A little over a year ago, when I was single and feeling abruptly alive I took a flight to Nassau to spend the day with my brother so as to do some work on our house. And while there was anxiety building up to the trip, there was an eerie sense of calm once I hopped on the plane alone- no hand to hold. I was fearless. Remember that one? If not, it’s here. And re-reading it almost leads me to believe that it’s D’s fault. When there’s no one in my life, I’m FINE. I don’t fear flying. But when I am dating, I am overblown with gut-wrenching fear.
OK….I don’t really believe it’s D’s fault. It’s my own. And just as some people have to get over their fear of waking up every morning, or applying for a job, or being a good mother, I have to get over my fear of flying.
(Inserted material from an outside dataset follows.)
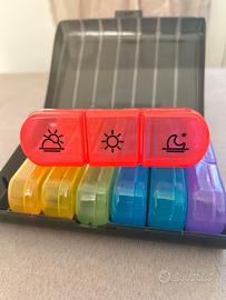 Portapillole settimanale con scomparti separati, ideale per organizzare farmaci o integratori in modo semplice e ordinato.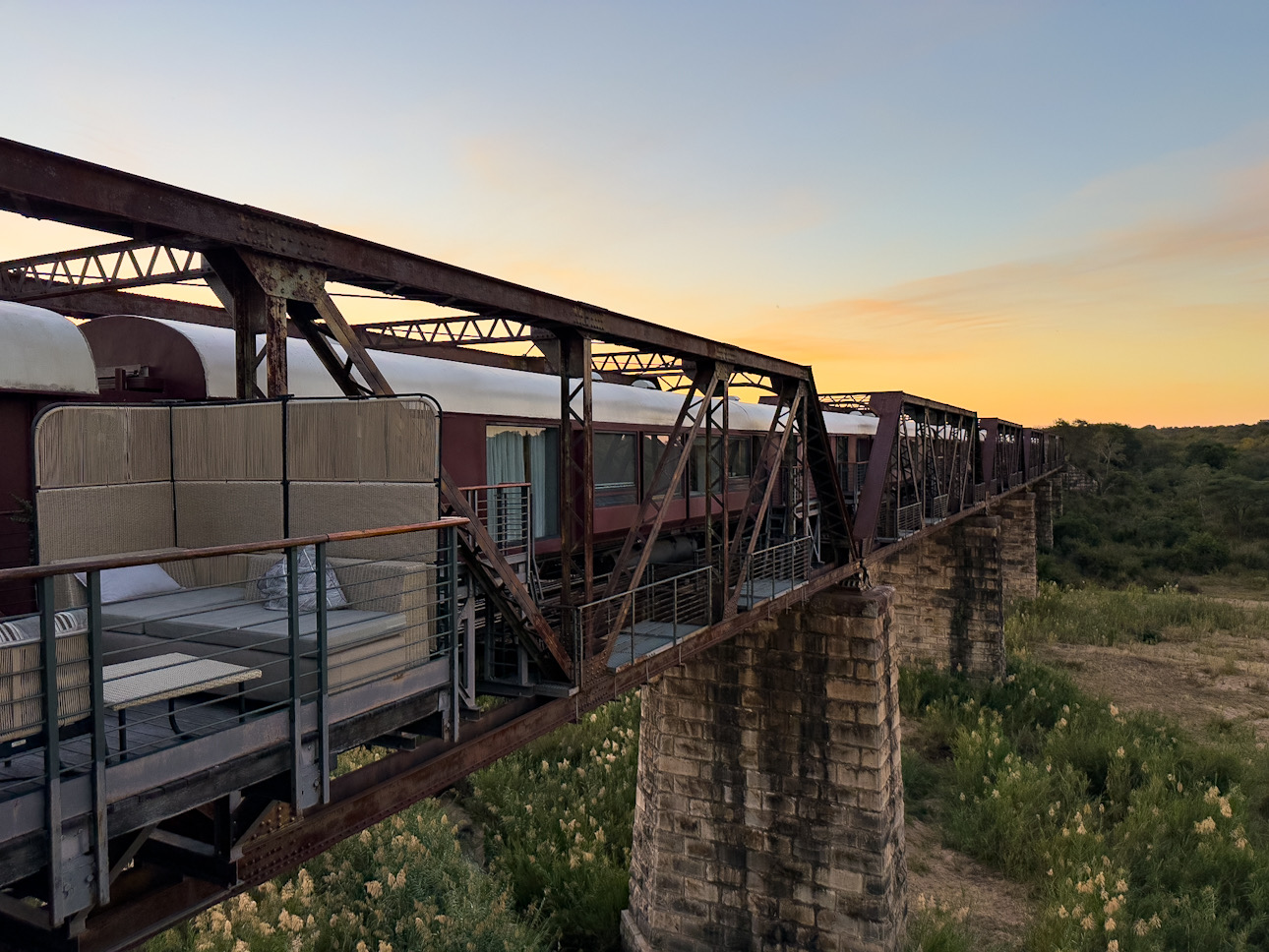 Das Kruger Shalati ist kein gewöhnliches Safari-Hotel, sondern ein umgebauter Zug auf der historischen Selati-Brücke über den Sabie-Fluss. Ein Ort, an dem Safari-Geschichte, Luxus und spektakuläre Natur aufeinandertreffen.

But you see, it’s this script that plays and has played for many years, and it reads like this:
Beautiful, upper-middle class woman with two children, had it all, finally got her life together, the envy of friends and acquaintances (OK, I’m flattering myself) suddenly, by some stroke of predestined irony, a la every depressing French film you’ve ever seen, died today during a routine flight with her boyfriend and their kids to a cutesy little condo in Naples, Florida. What was meant to be a fun little family vacation, turned into a nightmare. Services will be held at blah, blah, blah to mourn her death and celebrate her life– cut so tragically short.
This is the script I must abandon. Otherwise, I forfeit my happiness and the happiness of others.
So…is there a moral to this story? Will she end it on a good note? How about this– The nurse practitioner just called and approved two diazapams for me. Two. So I firmly responded by saying, “That’ll get me to the airport. I actually need to get on the plane.”